Here are some pics of my machine. The last two are screenshots of the Weasels Snow Boss


----------



## Clutch Cargo (Dec 27, 2015)

To me that is definitely a pre-MTD machine (and a very nice one!!) which is probably why you are having problems finding information. Not sure how to go about getting what you need, but you might try posting in one of the general forums so that more people will see it. The folks here are super helpful and knowledgeable. 



One more thing, I think your wheels (or at least your tires) are reversed. The tractor-type tread pattern should form a "V" as you look at the machine from the front.


----------



## NotDanzig ImVern (Nov 1, 2019)

Clutch Cargo said:


> To me that is definitely a pre-MTD machine (and a very nice one!!) which is probably why you are having problems finding information.
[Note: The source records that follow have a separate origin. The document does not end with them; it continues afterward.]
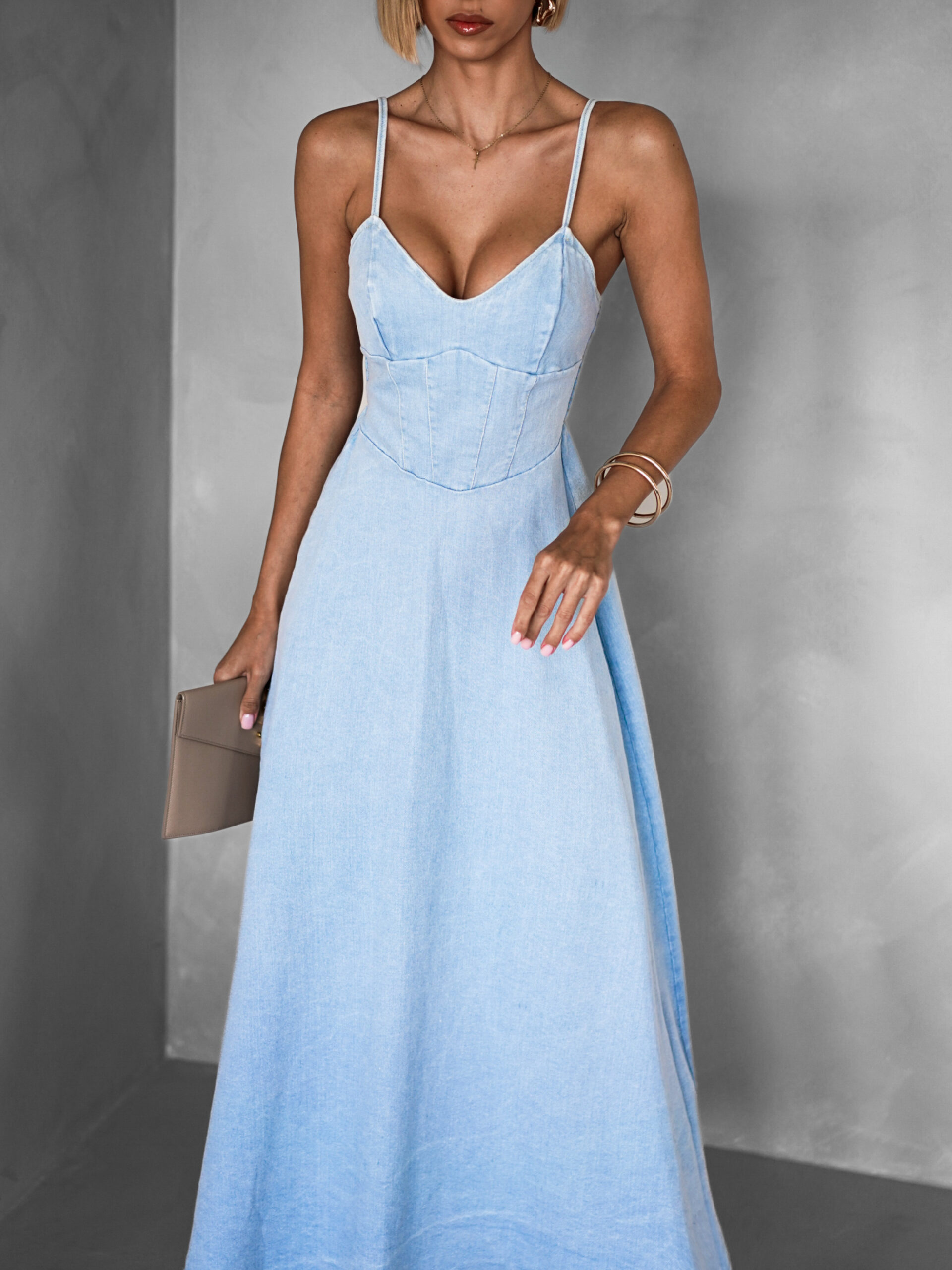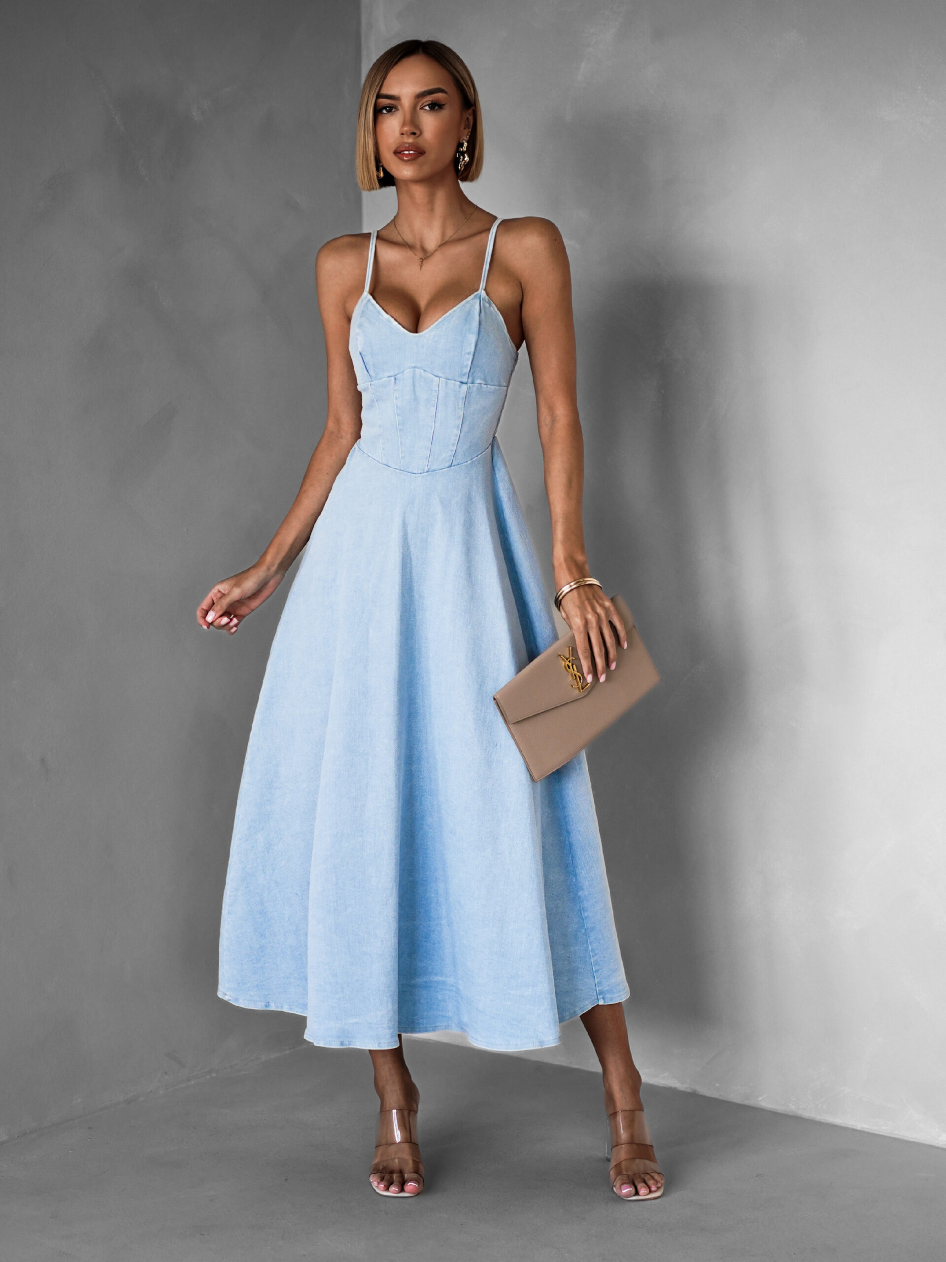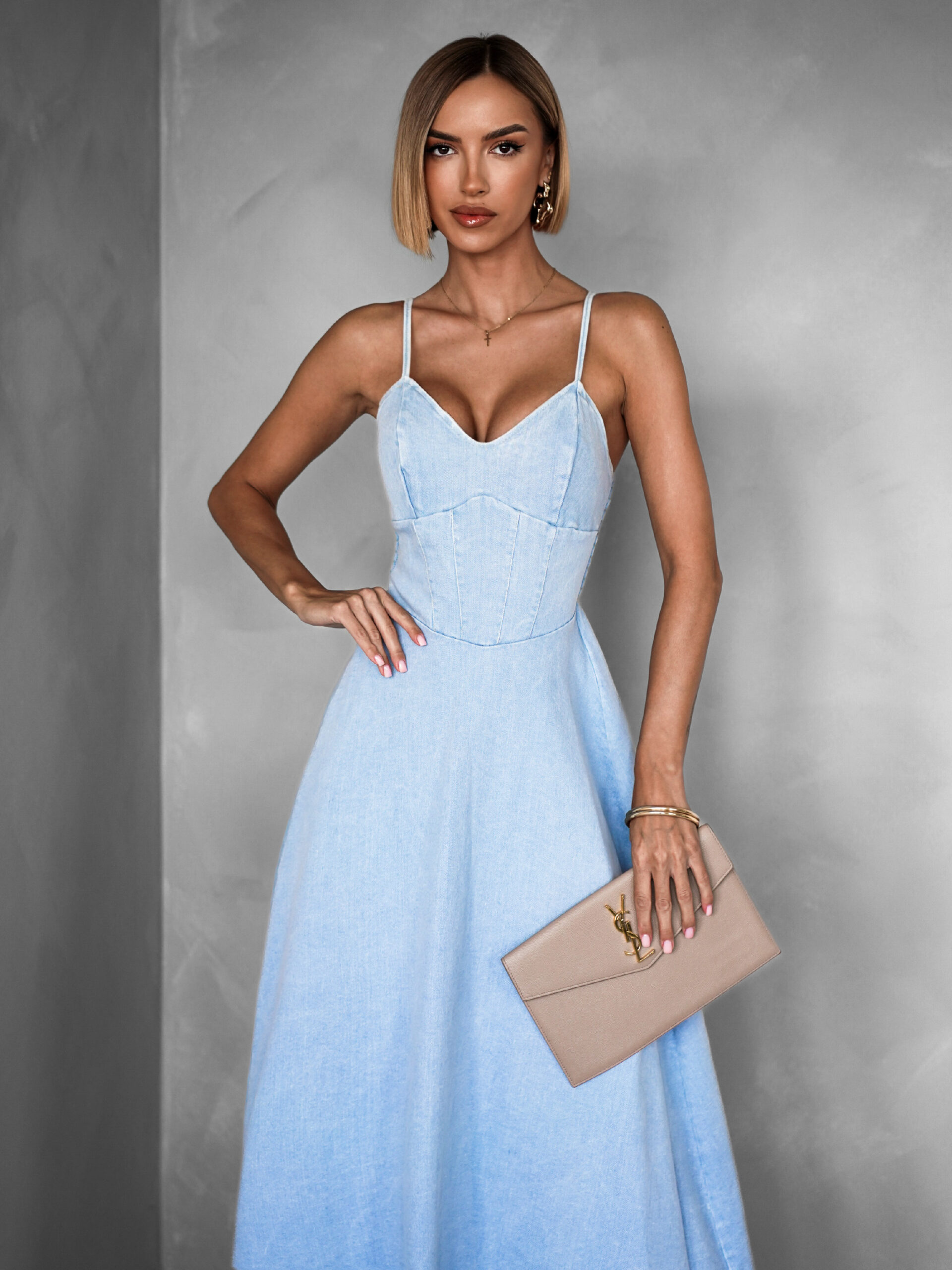 Světle modré džínové áčkové dlouhé šaty SENEJA Velikost: ONESIZE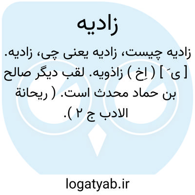 زادیه. [ ی َ ] ( اِخ ) زاذویه. لقب دیگر صالح بن حماد محدث است. ( ریحانة الادب ج 2 ).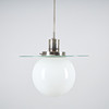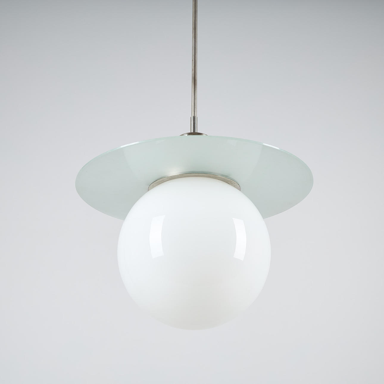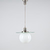 Nickel plated brass, opal glass and frosted clear glass. Height 90 cm, diameter 40 cm.

Not sure how to go about getting what you need, but you might try posting in one of the general forums so that more people will see it. The folks here are super helpful and knowledgeable.
> 
> 
> 
> One more thing, I think your wheels (or at least your tires) are reversed. The tractor-type tread pattern should form a "V" as you look at the machine from the front.


Bahahabha no wonder it was struggling lol. Thanks m8


----------



## NotDanzig ImVern (Nov 1, 2019)

Clutch Cargo said:


> To me that is definitely a pre-MTD machine (and a very nice one!!) which is probably why you are having problems finding information. Not sure how to go about getting what you need, but you might try posting in one of the general forums so that more people will see it. The folks here are super helpful and knowledgeable.
> 
> 
> 
> One more thing, I think your wheels (or at least your tires) are reversed. The tractor-type tread pattern should form a "V" as you look at the machine from the front.



Thank you sir I've re-posted in the main forum. Can't retrieve my other account for some reason so had to re-register. Thx for the tip about the wheels. My linkage kept slipping off and now I know why lolol. Kind regards Oren


----------